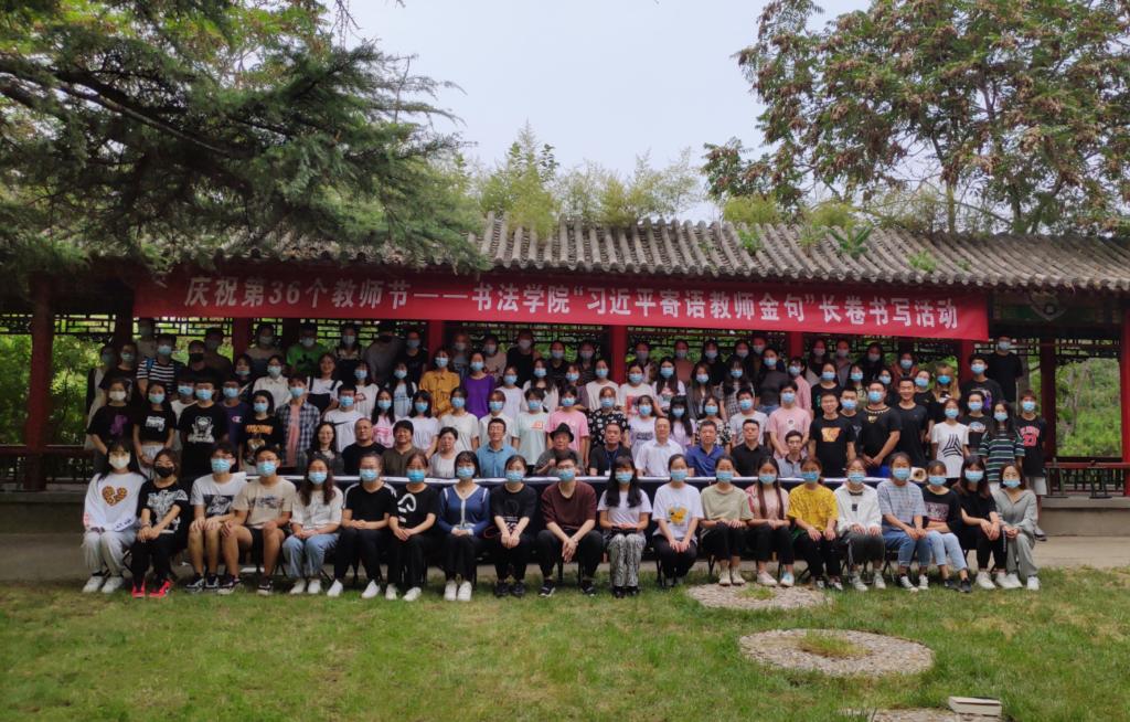 座谈会结束后,公司师生在莳英园开展了庆祝教师节“习近平寄语教师金句”书法长卷书写活动。
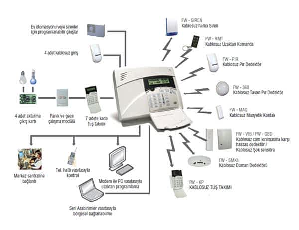 Alarm sistemi beş ana bölümden oluşur.
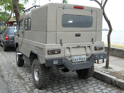 Pára-brisas maiores, teto mais alto (e com janelinha de Land Rover Defender), rack de teto, fárois de milha auxiliares, um pára-choques traseiro de ferro e essa belíssima capota de baú, que o deixa com cara de furgão.

Exercise brief: Once the pictures are set aside, transcribe the remaining lines above exactly.

Solved problem:
 座谈会结束后,公司师生在莳英园开展了庆祝教师节“习近平寄语教师金句”书法长卷书写活动。
 Alarm sistemi beş ana bölümden oluşur.
 Pára-brisas maiores, teto mais alto (e com janelinha de Land Rover Defender), rack de teto, fárois de milha auxiliares, um pára-choques traseiro de ferro e essa belíssima capota de baú, que o deixa com cara de furgão.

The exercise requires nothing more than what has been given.